The business model is relevant to the Authority running the regulatory sandbox.

The above recommended eligibility criteria have been formed taking into account the experience of other EU countries and the specific characteristics of the Czech FinTech ecosystem.

Technological readiness

For regulatory sandboxes to be effective, it is essential that the technology used to track and observe stakeholder participants is robust, reliable and up-to-date. In the design of a regulatory sandbox for the Czech Republic, technology readiness is an important consideration (.

Figure 2.6). It is recommended that firms that become eligible for participation in the Czech regulatory sandbox have a Technology Readiness Levels of at least TRL 4, so that there is a proof of concept tested in a lab setting.12

Figure 2.6. Technological readiness

Technology Readiness Levels (TRLs) are widely used in the technology industry to help management make informed decisions on the advancement and deployment of technology. TRLs offer several benefits when used in the design of a regulatory sandbox. Firstly, they provide a common understanding of the state of technology, allowing stakeholders to assess the maturity and readiness of a particular financial innovation. Secondly, they help in managing risks by providing a clear understanding of the technology’s development journey and its potential for successful deployment. In the third place, the regulator should take into account the technology’s stability and scalability. These evaluations are required to establish a strong foundation and guarantee the success of the testing procedure. Israel, for example, requires a TRL6 in its regulatory sandbox (Israel Innovation Authority, n.d.[20]).

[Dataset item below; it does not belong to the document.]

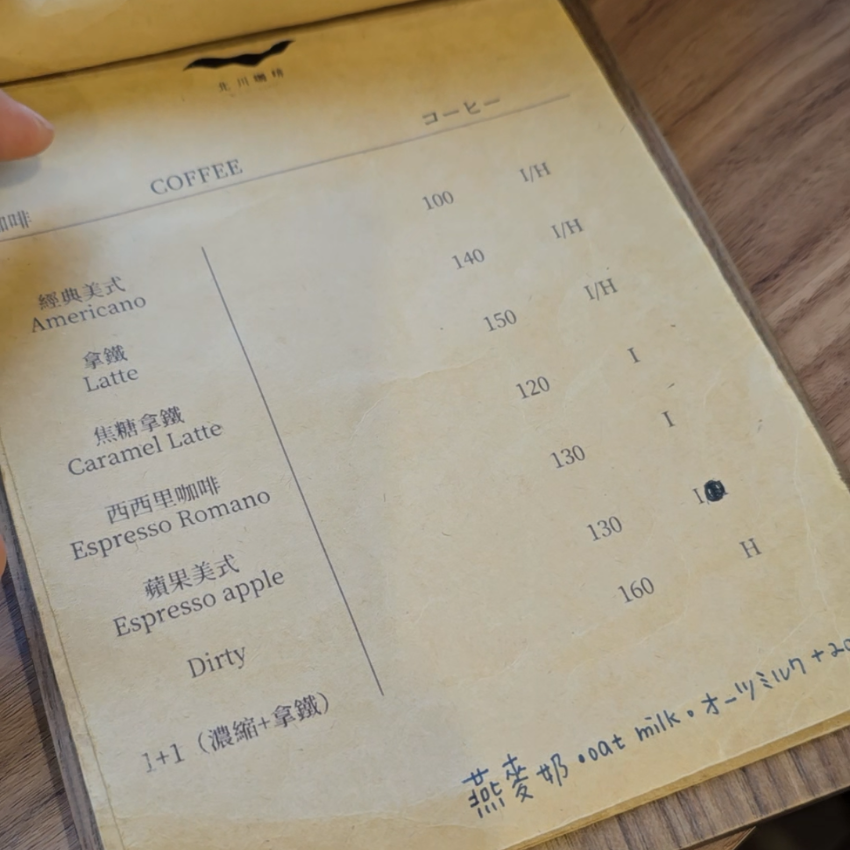 在飲品結構上,北川咖啡以自家烘焙的單品咖啡與創意義式特調為核心。單品咖啡的體驗極具儀式感:店家會將一壺手沖咖啡分別倒入兩種不同杯型(厚壁與薄壁)的玻璃杯中,讓顧客能品嘗到同一款咖啡在不同器具作用下所呈現出的香氣與醇厚度的差異。在義式特調方面,蘋果美式($130 NT)是常被提及的特色飲品。

There are, however, some limitations in the usefulness of TRLs. For example, there is no direct correlation between the readiness and the appropriateness or technological development of a product. The regulator has to take into account the compliance with current systems and regulations, and validate the ethical dimension of the technology (see Table 2.5).

Table 2.5. EU Definitions of technology readiness levels
Technology Readiness Level (EU)	Definition
TRL1	Basic principles observed
TRL2	Technology concept formulated
TRL3	Experimental proof of concept
TRL4	Technology validated in lab
TRL5	Technology validated in relevant environment (industrially relevant environment in the case of key enabling technologies)
TRL6	Technology demonstrated in relevant environment
TRL7	System prototype demonstration in operational environment
TRL8	System complete and qualified
TRL9	Actual system proven in operational environment (competitive manufacturing in the case of key enabling technologies)
Source: Extract from Part 19 of the Commission Decision C(2014)4995 from the European Commission (2020[21]), Technology readiness levels (TRL), https://ec.europa.eu/research/participants/data/ref/h2020/wp/2014_2015/annexes/h2020-wp1415-annex-g-trl_en.pdf.

One of the key elements of technology readiness in a regulatory sandbox is the ability to accurately track and observe the participants, including the ability to identify and verify the identity of the participating FinTech companies and their customers, as well as the ability to monitor and record the transactions and activities that take place within the regulatory sandbox. It is necessary the use of robust and reliable technology, such as blockchain and artificial intelligence, which can ensure that data is securely and accurately recorded and can be easily accessed by the regulator.

Another important aspect of technology readiness in a regulatory sandbox is the ability to ensure that the technology used is up-to-date. In order to do this, the technology used in the regulatory sandbox must be continuously tested and monitored so as to spot and fix any problems that may occur. To make sure the technology is appropriate for the task at hand, it might be necessary to use simulations and involve the participation of experts in the field.

In the third place, a critical aspect of technology readiness is the ability to ensure that the data collected is protected and secure. This is especially important in the Czech Republic, where data protection laws are strong and regulations are strict. To ensure compliance, it is essential to implement robust data security measures, such as encryption and multi-factor authentication, to protect the data collected from unauthorised access or breaches.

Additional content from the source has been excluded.